Fewer than half of Nevada's children attend preschool and kindergarten, the lowest percentage in the nation. As a result, many children are not prepared to succeed in elementary school. School readiness has taken on added significance in Nevada as budget shortfalls exacerbate the challenges already facing Nevada schools.
In the first of a series of education policy briefs from The Lincy Institute at 51吃瓜网万能科大, Lincy scholar Sonya Horsford examines state early childhood education programs and offers recommendations for policy makers, educators and families.
"Ensuring children are prepared to enter school ready to learn requires readiness at multiple stakeholder levels," Horsford wrote in the report. "Ready children require ready educators, ready families, ready schools, ready communities, and ready systems."
The report also notes areas in which Nevada is making strides to better align agencies responsible for early education and K-12 programs. New efforts include initiating a statewide Kindergarten Entry Assessment in 2014 and launching a bridge initiative with coordinators of preschool and early elementary programs.

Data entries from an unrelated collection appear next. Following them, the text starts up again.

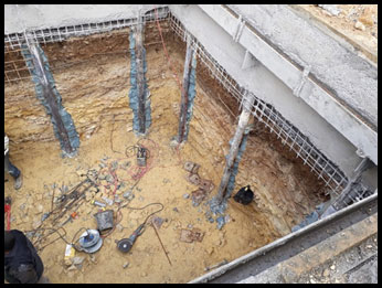 Il a été choisi de réaliser le terrassement du poste dans une paroi berlinoise. Elle permet de travailler en toute sécurité à près de 6m de profondeur, sans craindre de mouvement de sol, notamment pour les fondations du restaurant et de l’ancienne station.
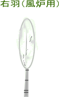 | 羽ぼうき(釜、炉縁などを掃く羽) | ![]() 向かって右側が広いものが右羽 全体の大きさは炉より小さい |
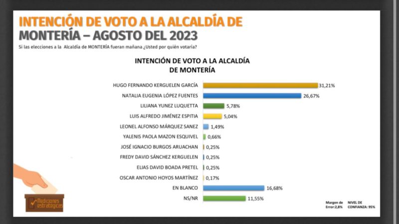 Hugo Kerguelén García sería el ganador si las elecciones para escoger alcalde en Montería fueran mañana. Así lo revelan los resultados de la Gran Encuesta del Caribe, de agosto de 2023, realizada por la firma Mediciones Estratégicas y contratada por Canal Cartagena y Banda 115 de Tigo Une.
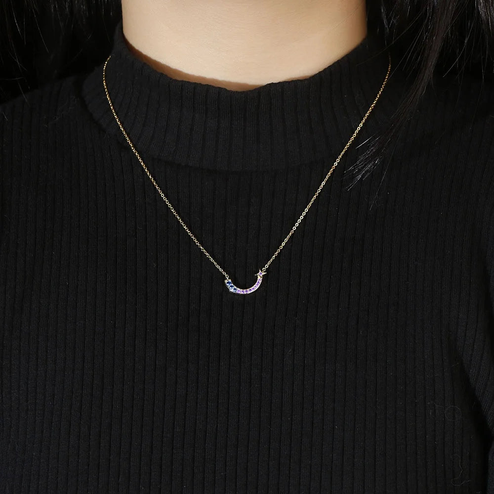 U Rainbow Necklaces 18K PVD Gold Plated 925 Sterling Silver Rainbow Pendant Link Chain Necklace collana catena
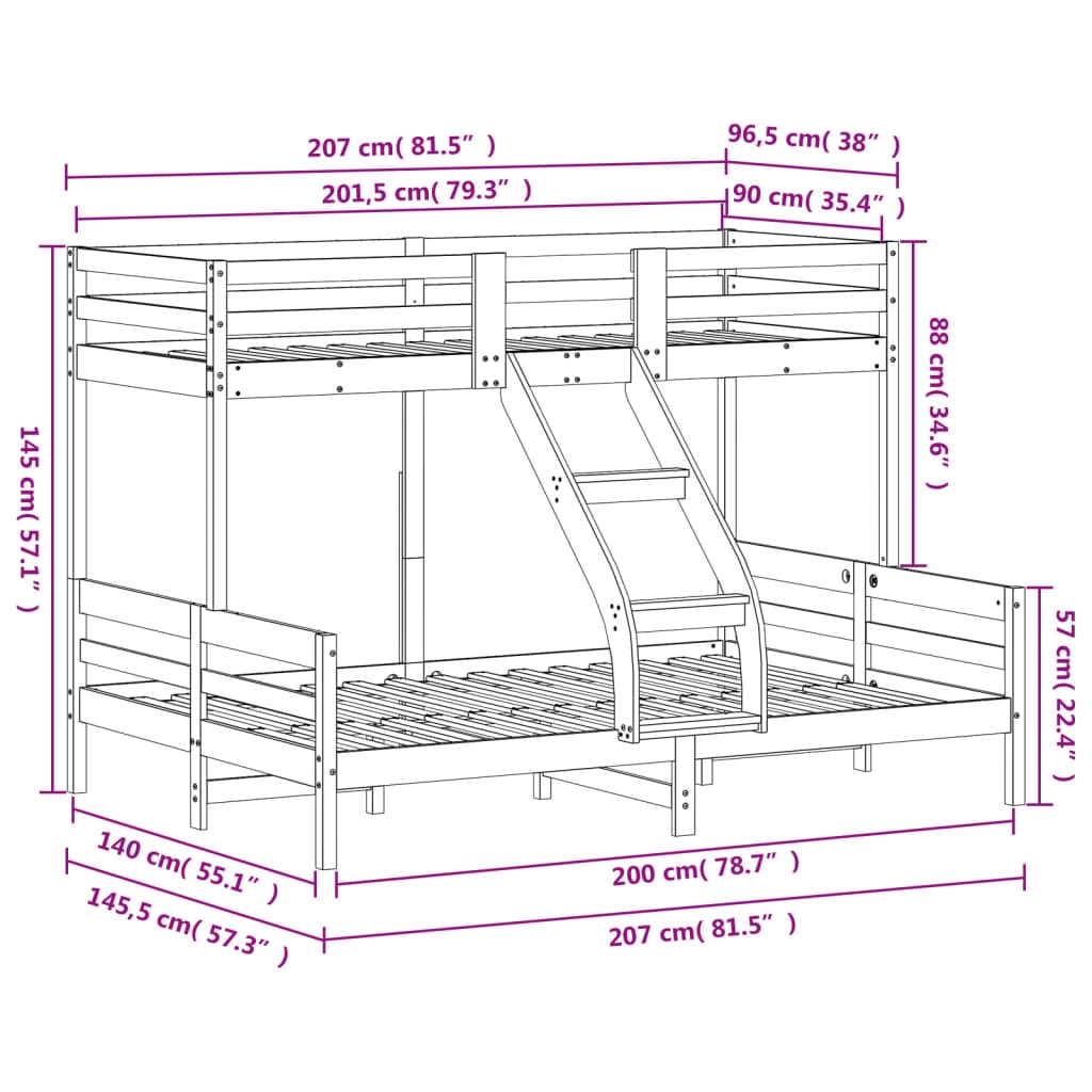 Dieses elegante und funktionelle Etagenbett aus Holz ist die perfekte Ergänzung für jedes Zimmer mit begrenztem Platzangebot. Massives Kiefernholz: Massives Kiefernholz ist ein wunderschönes Naturmaterial. Kiefernholz weist eine gerade Maserung auf und die Aststellen verleihen dem Material seine charakteristische, rustikale Optik.Sicheres Design: Das Hochbett ist auf Sicherheit ausgelegt. Es verfügt über Leitplanken, um zu verhindern, dass du während des Schlafens herausfällst.Geeignet für begrenzte Platzverhältnisse: Der Bettrahmen ist eine ausgezeichnete Wahl für jedes Zimmer mit begrenztem Platz, es bietet zwei einzelne Betten mit kompaktem Design. Gut zu wissen:Die Lieferung umfasst nur einen Bettrahmen. Die Matratze ist nicht im Lieferumfang enthalten. Die passenden Matratzen finden Sie in unserem Shop.
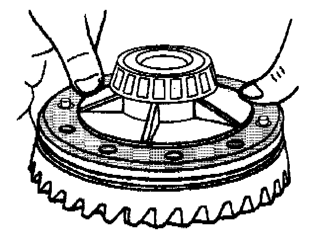 47. Place the ring gear on the case. Align the studs with the holes in the case.
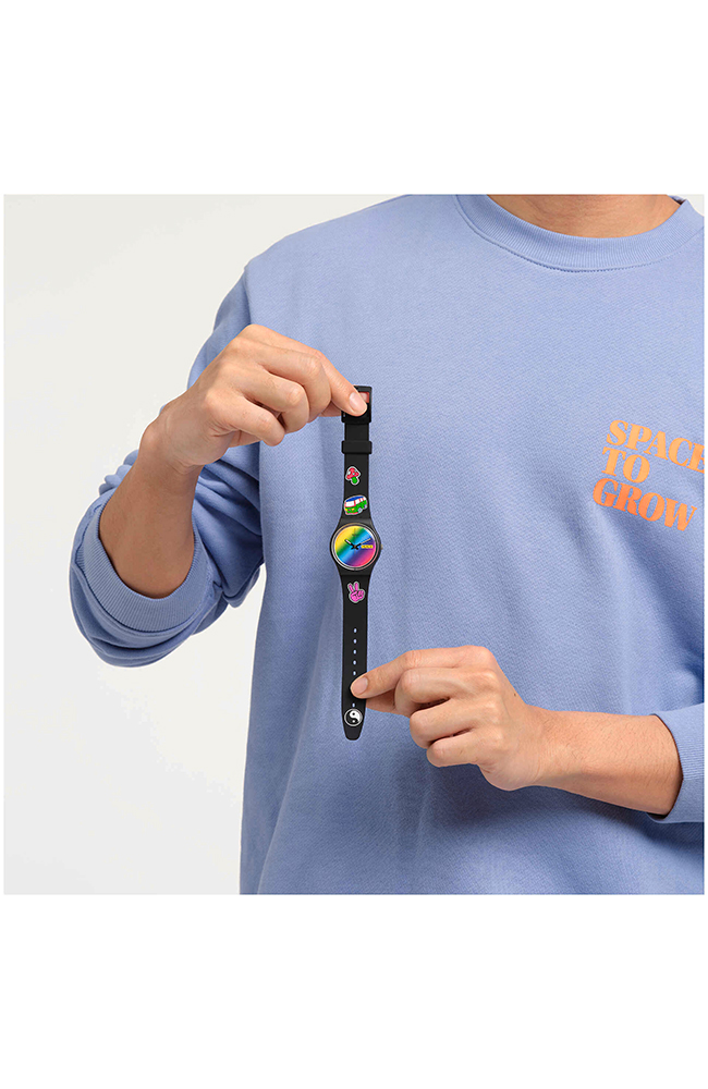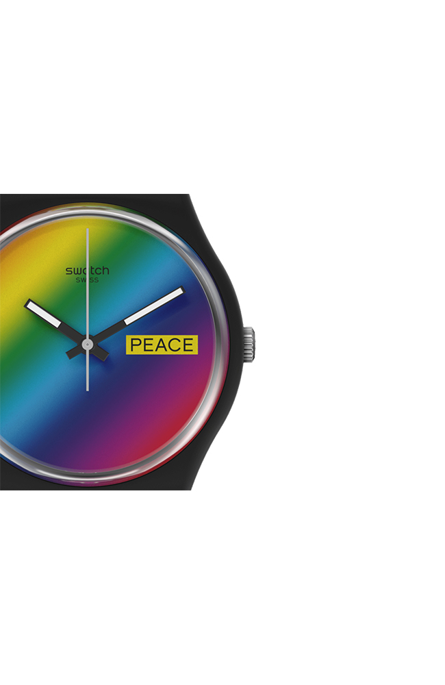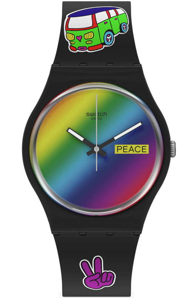 Αυτό το ντεγκραντέ ρολόι στα χρώματα του ουράνιου τόξου είναι αφιερωμένο στο στυλ της δεκαετίας του ’60 με την αμιγώς μαύρη κάσα BIOCERAMIC, το τζάμι βιολογικής προέλευσης, το μαύρο λουράκι σιλικόνης με τα πολύχρωμα εκτυπωμένα σύμβολα και το καντράν με την εκτύπωση στα χρώματα του ουράνιου τόξου και τους δείκτες που λάμπουν στο σκοτάδι. Σε αυτό το ρολόι, στη θέση της ένδειξης ημερομηνίας υπάρχει η λέξη «Peace».
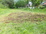 (水を与えます。近所の方のご厚意で山水を使用させてもらいました。)
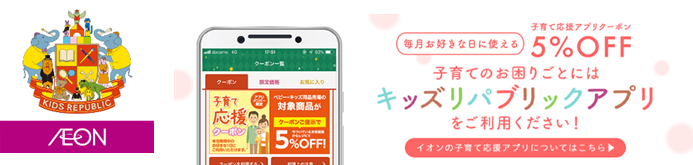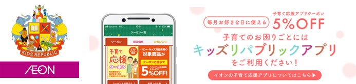 ◆イオンの子育て応援アプリ「キッズリパブリックアプリ」は、妊娠中から子育てまでのお役立ち情報や、お買得商品のクーポンなどを配信します。さらにアプリ会員は、妊娠中のご自身に関する悩みやお腹の赤ちゃん、お子さまの体調などについて、スマホで産婦人科医や小児科医へ10分間無料相談できるサービスもご利用いただけます。産前産後を通してきれ目のないケアの提供により、ママや子育てファミリー、お子さまの健やかな成長をサポートします。
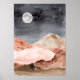 Watercolor abstract night moon desert landscape. Hand-painted illustrations. Nature minimalist poster for interior wall art designs.
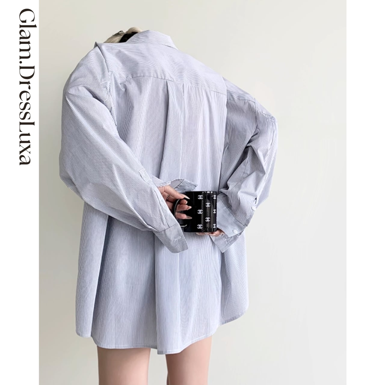 ・こなれ感を演出するオーバーサイズのストライプシャツ。
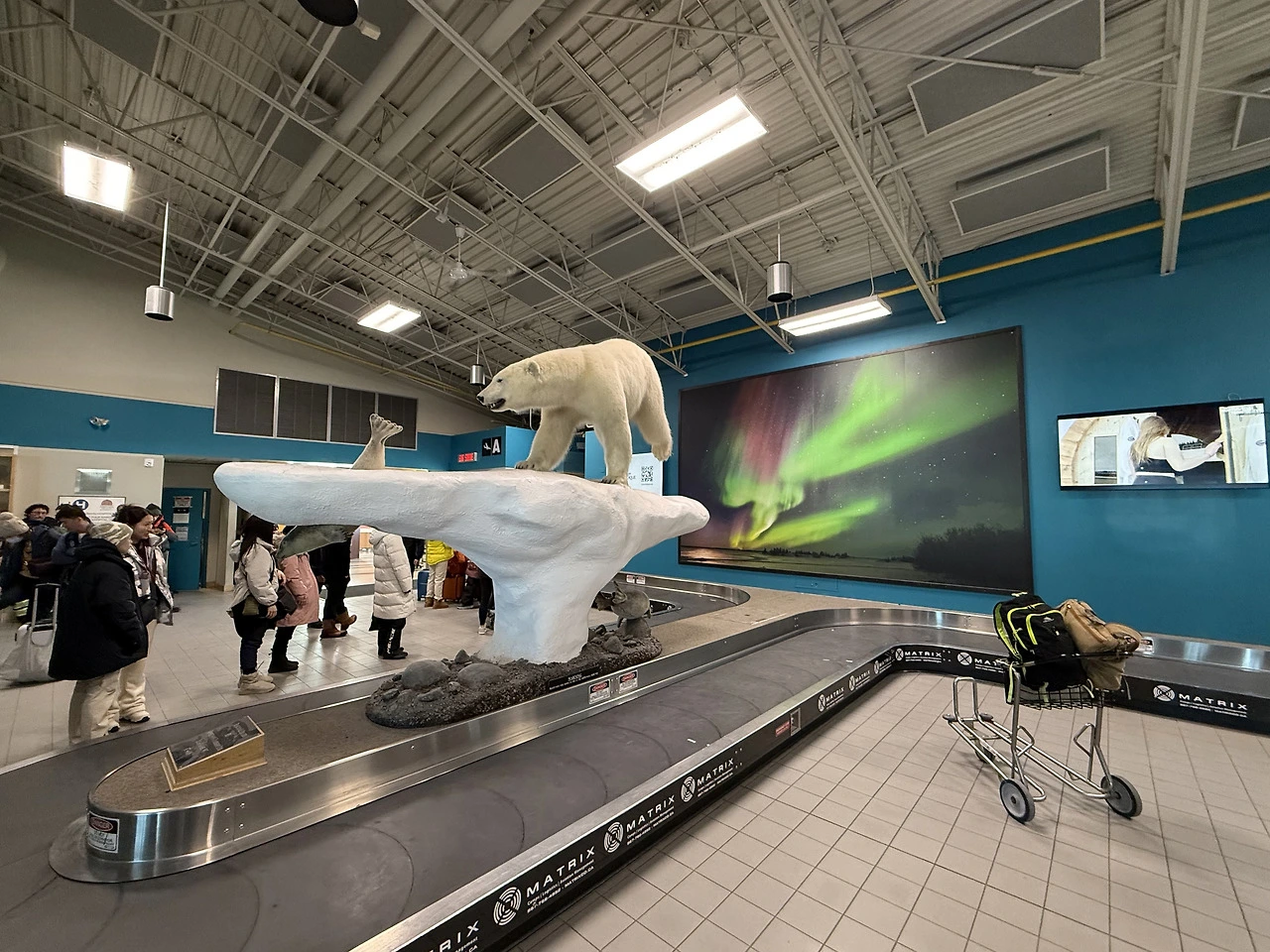 옐로우나이프 공항은 매우 작았다. 수화물이 나오는 컨베이어벨트는 단 한 개뿐이었다. 마중 나온 오로라빌리지 가이드로부터 간단한 설명을 들은 뒤, 가이드가 불러 놓은 택시를 타고 호텔로 이동했다. 공항에서 다운타운까지는 10분이 채 안 걸렸다.
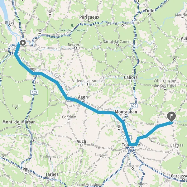 Prendre à gauche et rejoindre A62 E72. Continuer sur 224 kilomètres
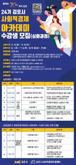 [제주교통복지신문 김강석 기자] 김포시는 오는 31일까지 ‘제24기 김포시 사회적경제 아카데미’ 수강생을 모집한다.
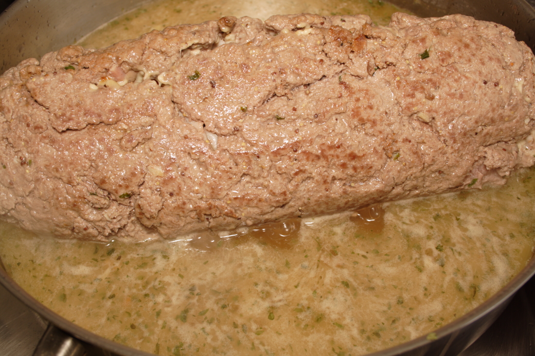 Para servir, sacamos el rollo de la cazuela, lo cortamos en rodajas y lo regamos con la salsa.
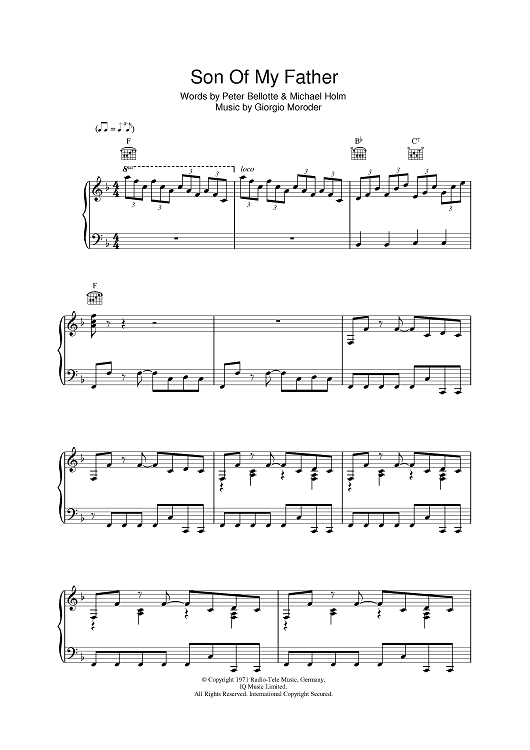 Digital Sheet Music for Son Of My Father by Giorgio Moroder, Pete Bellotte, Chicory Tip, Michael Holm scored for Piano/Vocal/Chords; id:392884
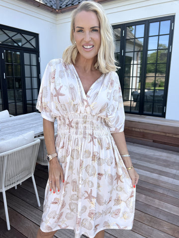 Pams Beach Short - Elastisk kjole med muslinge motiver
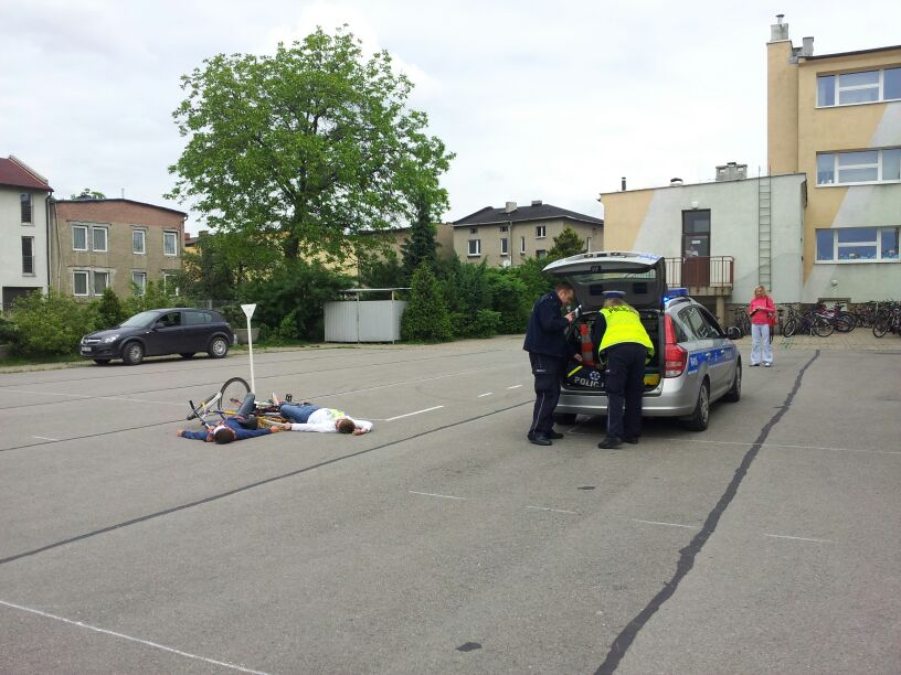 Policjanci z Komendy Powiatowej w Bieruniu dali dzisiaj prawdziwy popis swoich możliwo¶ci. Podczas spotkania z klasami 4-6 dobitnie przypomnieli o konieczno¶ci przestrzegania przepisów ruchu drogowego. Szczególny nacisk położyli na kwestię brawury - podkre¶lili, że ¶wiadczy ona wył±cznie o głupocie i nie jest żadnym powodem do dumy. W zaimprowizowanych scenkach z udziałem chłopaków z 6 "d" przypomnieli, jak postępować podczas wypadków i kolizji drogowych. Policjanci pochwalili się również swoim sprzętem oraz pojazdami. Szczególn± popularno¶ci± cieszył się nowoczesny radiowóz.
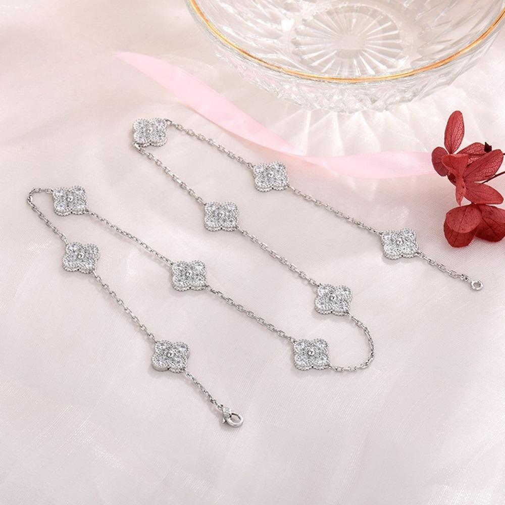 10-flower Lucky Four-leaf Clover Clavicle Chain Natural White Mother-of-pearl Necklace with Agate Accents
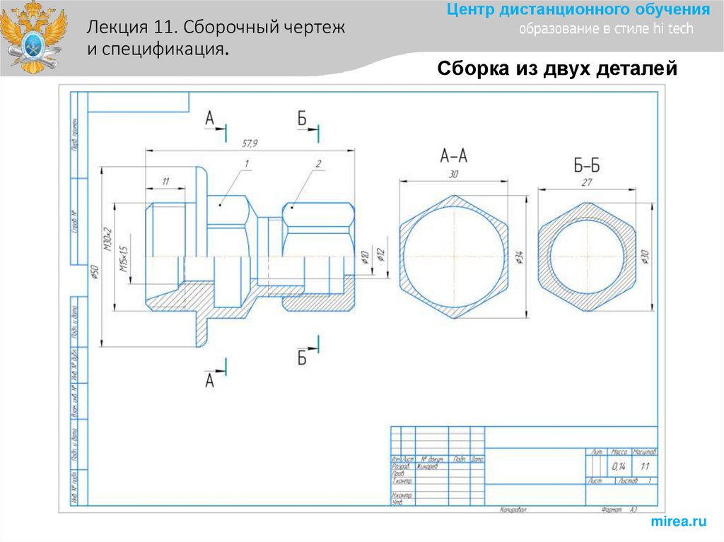 Центр дистанционного обученияЛекция 11. Сборочный чертеж
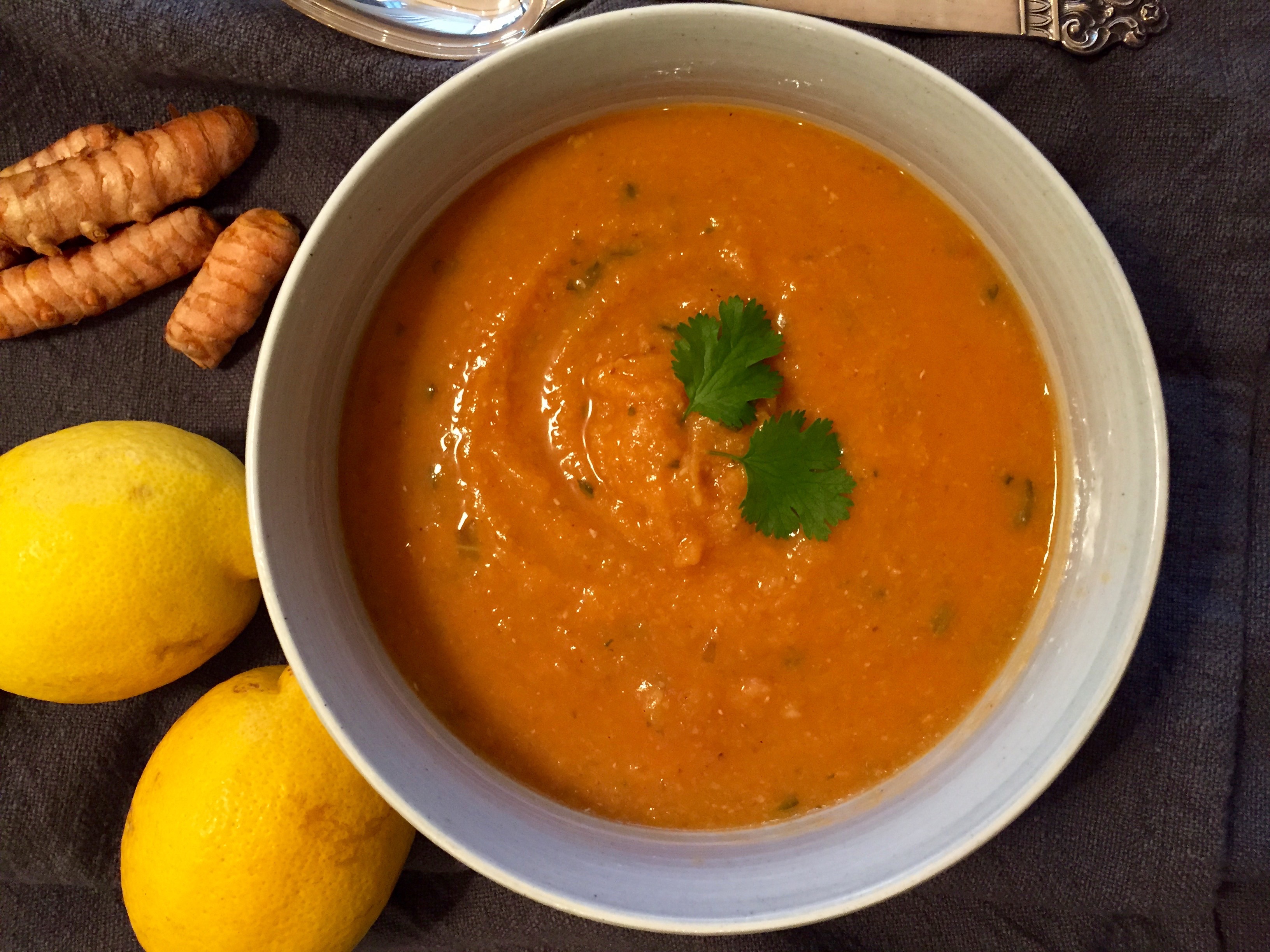 Jeg liker høsten. Og nå kan vi begynne å sense at luften ‘lukter’ litt annerledes på kvelden, og at tankene begynner å lengte litt etter ull, stearinlys og gode, smakfulle, varmende retter. Denne suppen er alt dette, og i tillegg proppfull av næringsrike ingredienser; linser, søtpotet, gurkemeie, krydder og urter. Jeg lager ofte en stor porsjon så vi har suppe til lunsj eller forrett en dag eller to etter også.
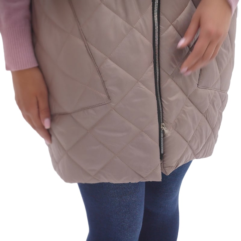 Особливу увагу заслуговує крій цього жилета. Приталеність підкреслює жіночні вигини, роблячи акцент на стройності фігури, при цьому не жертвуючи комфортом. Двостороння блискавка доповнює дизайн та забезпечує зручність при одяганні та зніманні жилета.

Among the report's recommendations:
- Establish an Office of Early Learning to prioritize childhood issues in Nevada, following similar success in Western states
- Coordinate multiple groups and stakeholders to work collaboratively on one statewide agenda
- Improve and connect data collection on early childhood education into a statewide repository
- Demonstrate links from high quality early childhood education to K-12 success on to college and career readiness
"Nevada needs to move away from fragmented and underfunded programs toward systems-level change that is comprehensive, coordinated, and accountable to outcomes for Nevada's children," Horsford wrote.
Sonya Horsford is the senior resident scholar of education at The Lincy Institute at 51吃瓜网万能科大.